##### Data segment #####

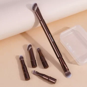 Double Ended Makeup Brush Set – Travel Size Contour, Concealer & Lip Brush with Case
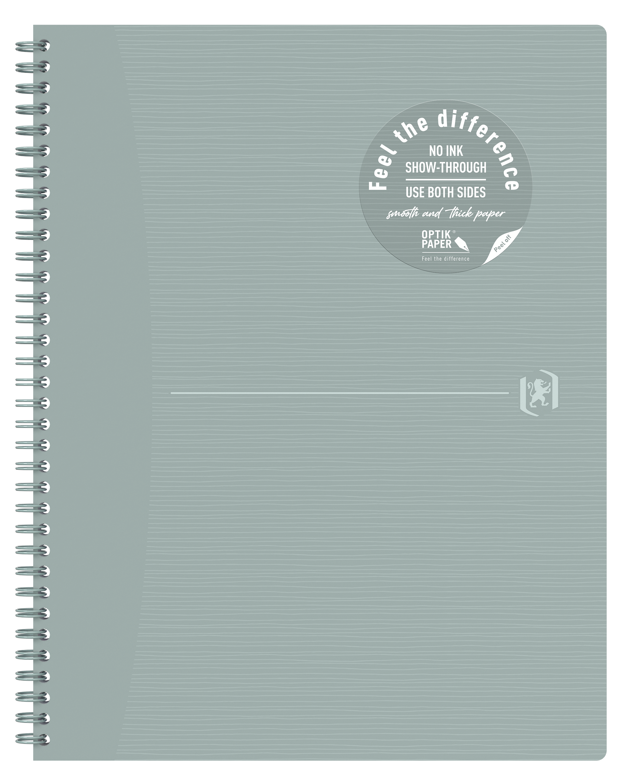 A4+ notesbog, 5 mm tern, forperforerede, aftagelige ark, 140 sider. Tykt og glat 90 g OPTIK PAPER®, så du kan skrive på begge sider af arket eller overstrege noter, uden at blækket kan skinne igennem. Med den matchende grå dobbeltrådsbinding kan notesbogen ligge fladt eller foldes tilbage om sig selv for maksimal komfort og fleksibilitet. Blødt kartonomslag med beskyttende mat finish. Fås i 5 forskellige farver, inspireret af naturen. Kompatibel med den gratis Scribzee® smartphone-applikation, der kan bruges til at scanne, gemme, organisere og søge i dine håndskrevne noter. OXFORD Origins-serien har fået EU’s miljømærke. Den trykte indstiksside indeholder et skriveområde, hvor du kan gøre din notesbog personlig med dit navn og dine kontaktoplysninger.
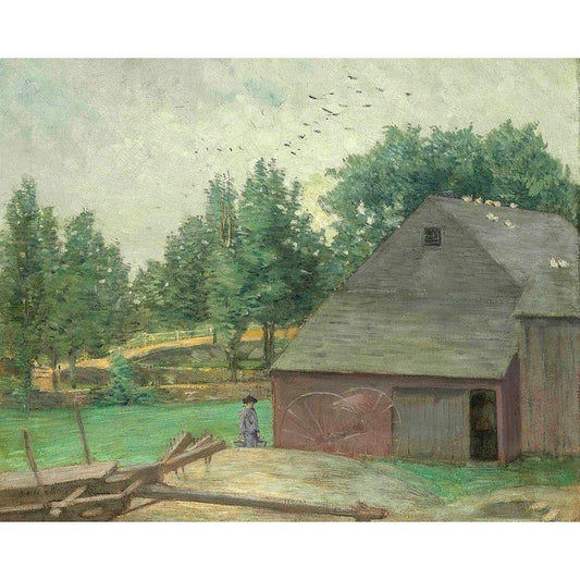 Summer in Connecticut. The Old Barn at Branchville Black Modern Wood Framed Art Print with Double Matting by Weir, J Alden
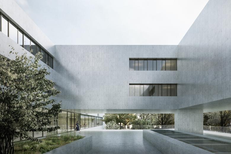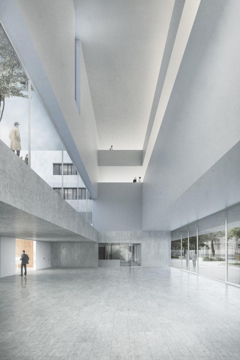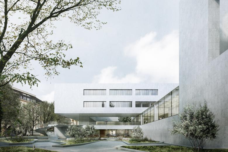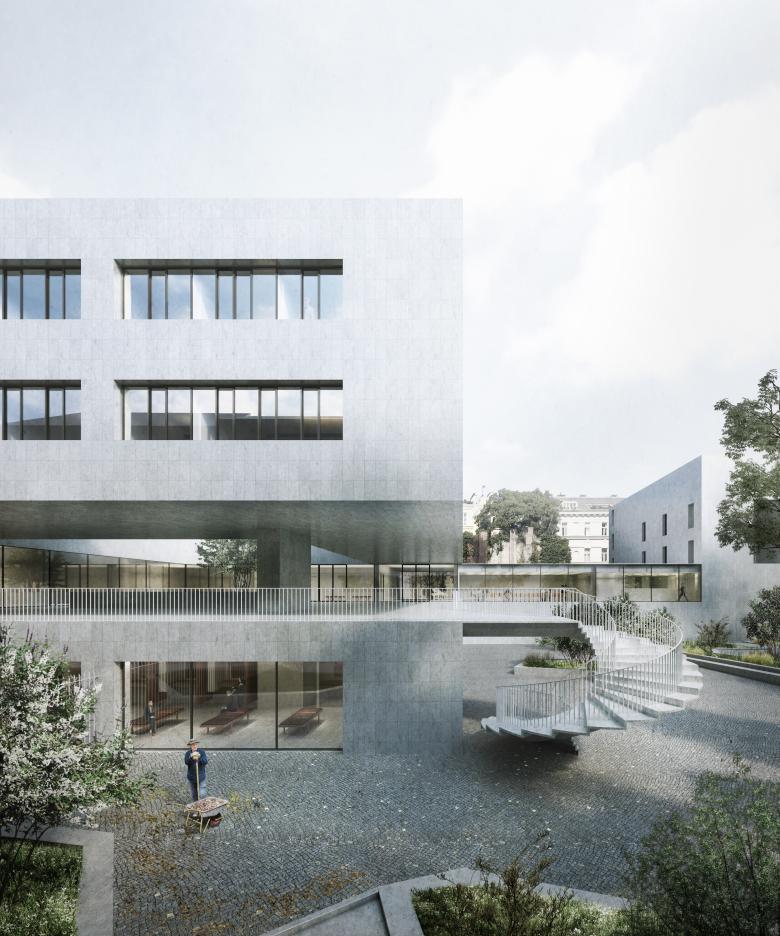 Der Sitz der Deutschen Botschaft in Wien ist ein ungewöhnlicher Ort. Inmitten der dichten Bebauung des 3. Bezirks gelegen, wird er von einem großzügigen Grünraum umrahmt. Unser Entwurf überzeugte das Preisgericht, weil „die offene ‚Beletage‘ den bestehenden Park mit den Räumen der Botschaft verwebt. Es entsteht ein neuer Typus eines offenen, mit seiner Umgebung in Dialog tretenden Hauses, welches die gegebenen Sicherheitsanforderungen nicht zum Ausdruck der Architektur werden lässt“ (Juryprotokoll).

#####

■ **Your goal**: Working from the material above, transcribe it exactly while omitting pictures.

■ **Result of the exercise**:
 Double Ended Makeup Brush Set – Travel Size Contour, Concealer & Lip Brush with Case
 A4+ notesbog, 5 mm tern, forperforerede, aftagelige ark, 140 sider. Tykt og glat 90 g OPTIK PAPER®, så du kan skrive på begge sider af arket eller overstrege noter, uden at blækket kan skinne igennem. Med den matchende grå dobbeltrådsbinding kan notesbogen ligge fladt eller foldes tilbage om sig selv for maksimal komfort og fleksibilitet. Blødt kartonomslag med beskyttende mat finish. Fås i 5 forskellige farver, inspireret af naturen. Kompatibel med den gratis Scribzee® smartphone-applikation, der kan bruges til at scanne, gemme, organisere og søge i dine håndskrevne noter. OXFORD Origins-serien har fået EU’s miljømærke. Den trykte indstiksside indeholder et skriveområde, hvor du kan gøre din notesbog personlig med dit navn og dine kontaktoplysninger.
 Summer in Connecticut. The Old Barn at Branchville Black Modern Wood Framed Art Print with Double Matting by Weir, J Alden
 Der Sitz der Deutschen Botschaft in Wien ist ein ungewöhnlicher Ort. Inmitten der dichten Bebauung des 3. Bezirks gelegen, wird er von einem großzügigen Grünraum umrahmt. Unser Entwurf überzeugte das Preisgericht, weil „die offene ‚Beletage‘ den bestehenden Park mit den Räumen der Botschaft verwebt. Es entsteht ein neuer Typus eines offenen, mit seiner Umgebung in Dialog tretenden Hauses, welches die gegebenen Sicherheitsanforderungen nicht zum Ausdruck der Architektur werden lässt“ (Juryprotokoll).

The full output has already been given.